Mayotte Anchorage

Vega
Hugh and Annie
Fri 14 Oct 2022 05:37


12:46.53S 45:16.12E


The anchorage here in Mayotte is large and sheltered, being within the lagoon and adjacent to Petite Terre Ile Pamandzi. Access to the main island is via a car ferry that runs frequently and is always busy. As ever we are right under the flight path into the airport.


Other than the yacht club, facilities for yachts are minimal. Anything required in the way of parts has to be flown in via Paris and Reunion. It is a very self sufficient live-aboard community here! Being France many of the yachts are steel or aluminium and look tired. There are two washed up wrecks along the shore and one or two afloat that defy their badly rusted hulls to remain so. The masts of what may have been an elegant wooden ketch rise out of the sea just behind us. Unless stuck waiting for parts, which at least two other yachts here are, it is the perfect place to recuperate after getting around Madagascar and before heading off across to Mozambique and down to South Africa.


We first anchored in front of a large motorised barge which is a bit like a huge landing craft. Annie thought we were too close to the moored vessel but I was comfortable. All was well until one night Annie called me up into the cockpit and instead of our normal view across the anchorage we seemed to be tied alongside a metal harbour wall. It was of course the stern of the barge that we were lying against. Annie had put our large round fender on the side for just such an eventuality. Furthermore our dinghy was hung on the side of Vega and acting like a huge fender at the front. With the barge right over our anchor all we could do was let out more anchor chain and fall back and away from the barge. At this point we thought it best to lower the dinghy in case we swung into the barge again. I soon noticed that the dinghy was filling with water - having removed the bung which is what you do to prevent rainwater accumulating when the dinghy is lifted out of the water by a halyard. It must have taken half an hour to sort things with a mixture of panic and laughter.


Our repair work has included the toilet, which had refused to either flush or empty. I tracked down a large and elegantly shaped lump of calcium deposit that was wedged in the flapper valve. Removal of the lump has restored life to the toilet but it needs priming with water tipped into the bowl and so it is still work in progress. The other repair that has taken a lot of time to investigate and will likely prove fruitless is the loss of data to our cockpit wind instrument. We know that there is not a problem between the connection at the base of the mast and the cockpit instrument because it works when we connect the new cable, attached to the old anemometer. The problem is therefore likely to be with the mast head fitting into which the cable is sealed. We thought replacement of this together with the cable would be straightforward but oh no, Selden masts have a drip loop tied in the cable run at the base of the mast and before the cable is fed down a corrugated plastic tube though the mast step. This loop cannot be accessed without removing the mast and prevents the cable from being withdrawn. The more we think, investigate and seek advice the more we realise this is a job for South Africa. As a temporary option we may fit the new cable onto the pushpit rail. At least we will then have some wind information - albeit it will read less than at the masthead and the direction may be less accurate. It’s going to be like sailing a dinghy down to Richard’s Bay.

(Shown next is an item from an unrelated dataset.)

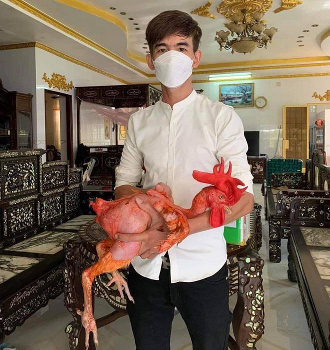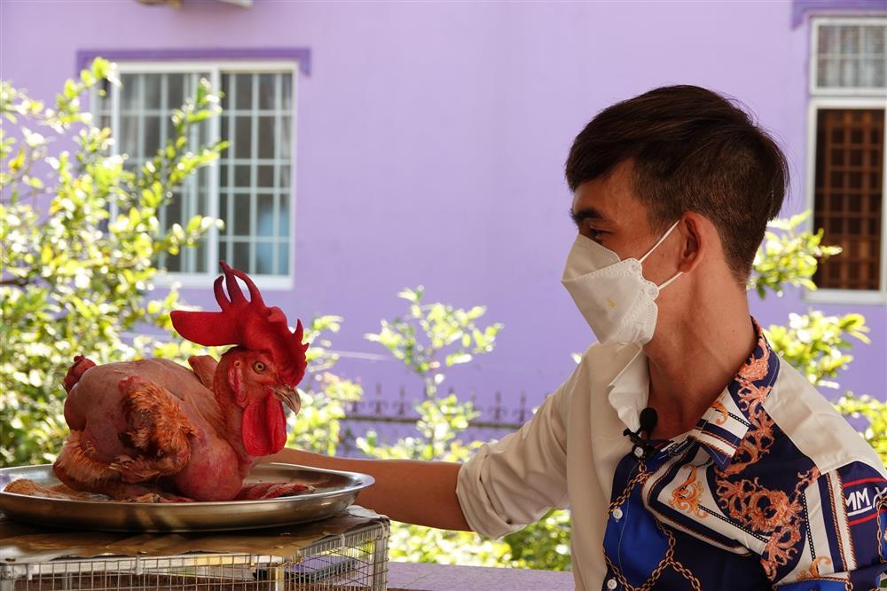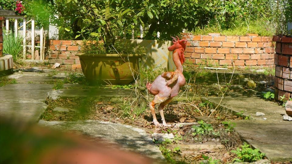 Nhưng anh Phong lại được biết đến vì chú gà cưng của mình nhiều hơn là cơ ngơi, gia sản. Đó là một chú gà gần như không có lông, trên cánh và đùi loe hoe vài cọng. Nhiều người gọi đùa đây là chú gà "khỏa thân".

On a more positive front we have found a Carrefour supermarket from which we will provision for the next leg. It is well stocked with all the usual French goodies and we can buy enough tins of cassoulet and tartiflette to keep us in comfort food without the need for the freezer. This we have switched off because a combination of less wind and much less output from the solar panels than in the Seychelles mean that we have been needing to run the engine for one or two hours each day. Without the freezer we can just about manage to keep the batteries charged. There is a fruit and veg market not far away that we have yet to investigate.


The only other thing we need to do is refuel. The fuel dock at the harbour side is for petrol only (most of the boats other than the yachts have four stroke outboards) so it looks like a taxi ride to the Total service station with our containers. It only took 60 litres to completely fill the tank meaning we only have three containers to take to the filling station. The weather is very quiet at the moment and this looks set to continue so we will need plenty of fuel on board (400 litres all up, enough for around 200 hours or 8 days).


We would like to take the ferry across to the main island for one day and see a lemur or two before we leave and we aim to be heading off on or around Wednesday 19th October.